Four weeks ago, shortly after finishing his intern year at hospitals in Cork and Kerry, Michael Courtney flew to Perth with a group of close friends, mostly doctors who had graduated with him from the school of medicine at University College Cork (UCC) last year.
About 20 of his UCC classmates now work at the Fiona Stanley Hospital, the major public tertiary hospital that opened in Perth last October.
More than 100 junior doctors have been recruited to work there from Ireland and the UK this year so far.
“Working abroad was always in the back of my head,” says the 24-year-old from Co Kerry.
“It appealed to me when I was choosing to study medicine. I heard that Fiona Stanley was recruiting through friends.
“It was a very easy application process. I sent in my CV and did a telephone interview. The paperwork for the visa took a long time though, from January on.”

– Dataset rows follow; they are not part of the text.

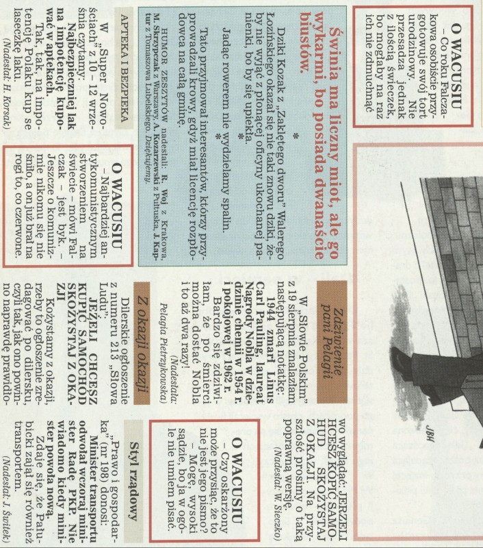 Archiwum / O Wacusiu nr 2834 (28/1999) 123275/123969 Podziel się Tytuł O Wacusiu Rubryka O Wacusiu Artykuł z numeru 2834 (2835/1999) Data wydania 17 października 1999 Tagi Falczak
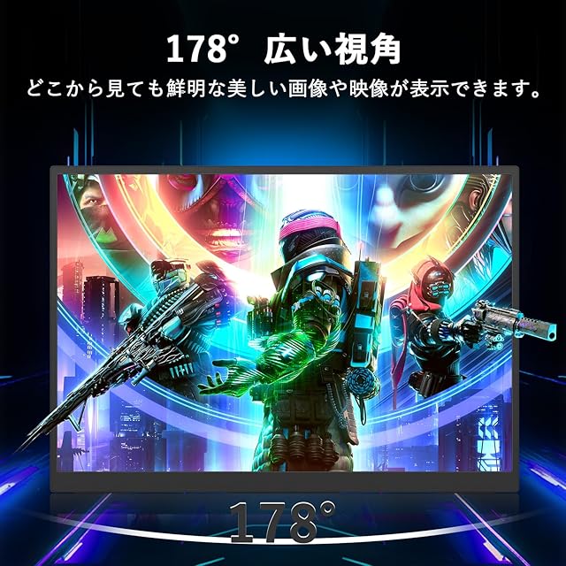 【上下のデュアルスクリーン設定は】モバイルモニターは178°の視野角を持つIPSパネルを採用しており、どの角度からでも鮮明な画像やビデオを視聴できます。十分なFHD(1920*1080)解像度を持ち、アスペクト比:16:9をサポートし、100%sRGB色域、コントラスト1000:1、300cd/m2の明るさで。
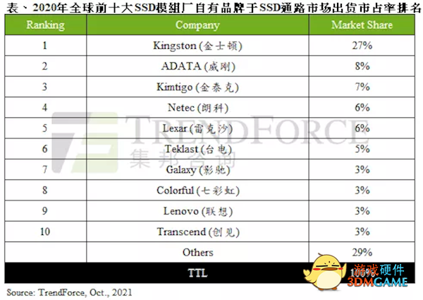 总的来看,2020年全渠道SSD出货较2019年衰退15%,为1.115块。前三大品牌依然是金士顿、威刚和金泰克。
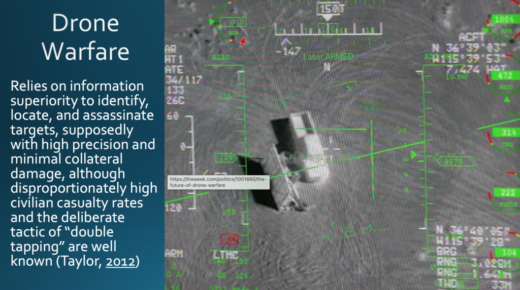 Der Drohnenkrieg ist ein klassisches Beispiel. Er stützt sich auf Informationsüberlegenheit, um »Ziele« zu erkennen, zu entdecken und zu ermorden, angeblich mit hoher Präzision und minimalen Kollateralschäden, obwohl die Zahl der zivilen Opfer bekanntlich unverhältnismäßig hoch ist — und wir wissen auch um den vorsätzlichen »Doppelschlag« (double tapping).
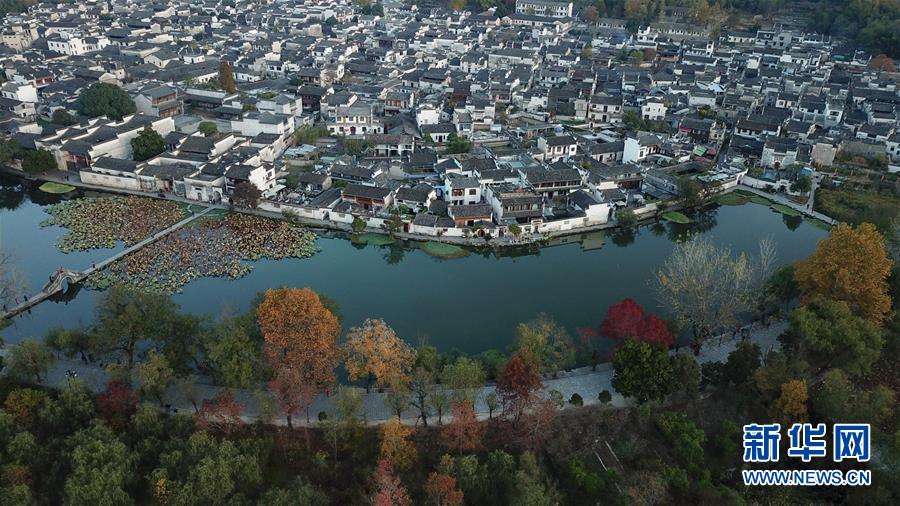 這是11月15日無(wú)人機(jī)拍攝的宏村風(fēng)景區(qū)晨景。新華社記者韓曉雨攝

Mr Courtney now works as a resident medical officer in the psychiatry department, from 8am to 4pm Monday to Friday, and an occasional half day on a Saturday.

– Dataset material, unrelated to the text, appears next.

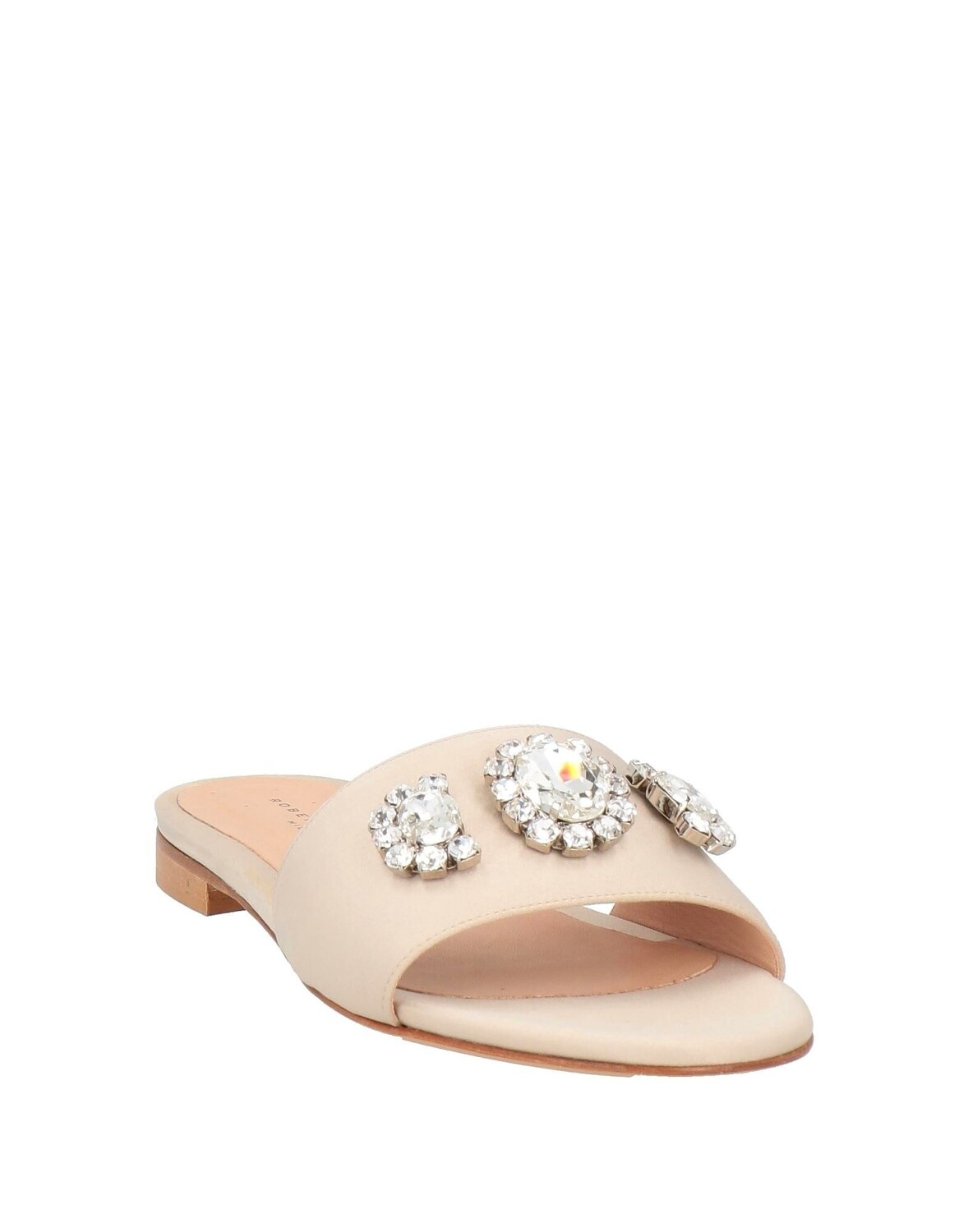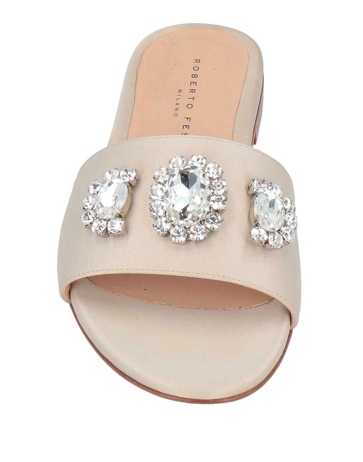 Шлепанцы, атласные, однотонные с аппликациями, кристаллами, кожаная подкладка, закругленный носок, без каблука, кожаная подошва, содержит нетекстильные части животного происхождения, большого размера
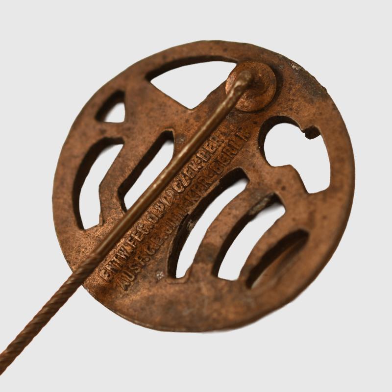 Lapel pin fixing. All bronze finish remaining but some loss of finish to the central stem below the eagle’s neck. A Berlin maker’s mark in raised relief on the reverse side. 20mm circumference.

“My hours are amazing. My role is similar to what it would be at home, but the workload is more manageable.
“They have a lot more staff here. Everything operates very smoothly and it is not a very stressful environment. There’s a much better atmosphere at work than in the hospitals back home.”

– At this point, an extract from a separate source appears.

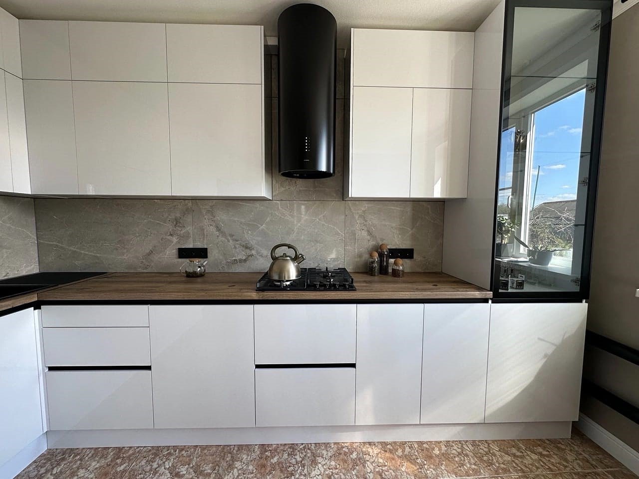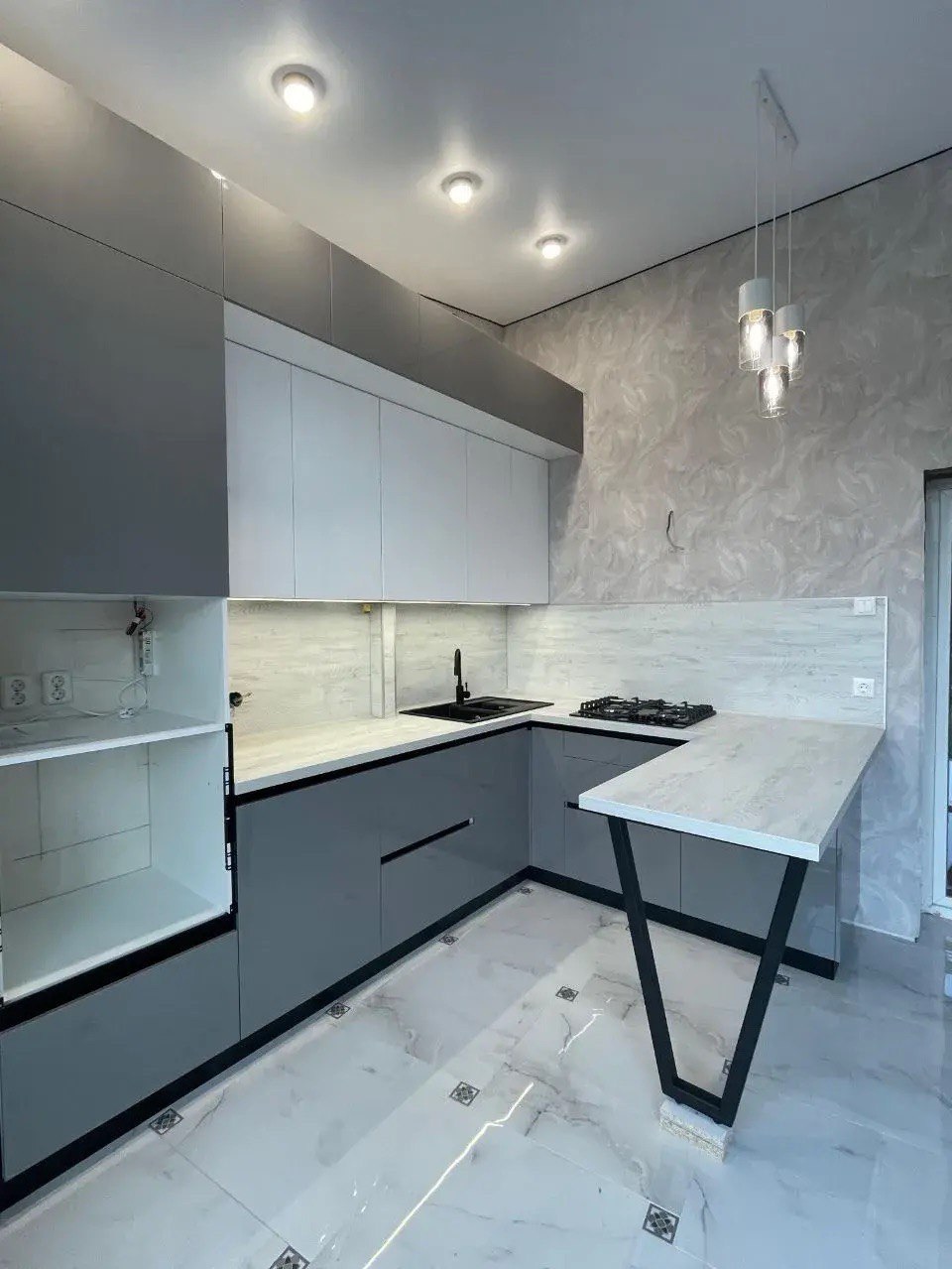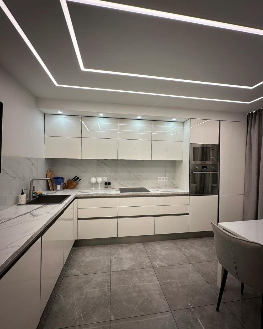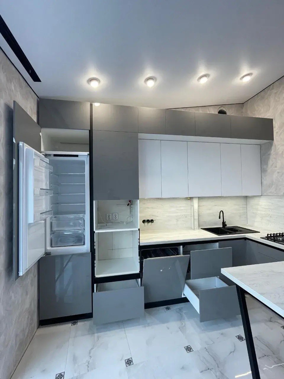 Кухня «Аттика» - это акриловые фасады (пластик)с глянцевым блеском придают кухне лоск и визуально расширяют пространство независимо от того, в каких тонах оформляется интерьер, – светлых или темных. Фасады «ACRYLIT», отделанные термостойким пластиком, выглядят очень элегантно и стильно. Преимущества фасадов «ACRYLIT»: cтойкость к образованию пятен, легкость в уходе, высокая степень глянца, зеркальный эффект, стойкость к образованию трещин, стойкость к выцветанию. В данной кухне есть как глянцевые фасады белого и серого цвета , так и матовые - белый, серый и приятный сливочный цвет )

He says the Irish staff have been made to feel very welcome. “They really appreciate the Irish workforce. They think we have a great work ethos, and it is really nice to hear that.
“It makes it a lot easier starting in a new place, when there are so many other Irish here. You run into Irish people all the time.”
Mr Courtney is on an employer-sponsored 457 work visa, which allows him to stay in Australia for up to four years.
“I’m playing it by ear at the moment, so I’m not sure how long I will stay, but there are some very good learning opportunities over here.
“Irish medical graduates are really sought after, we’re really well regarded.”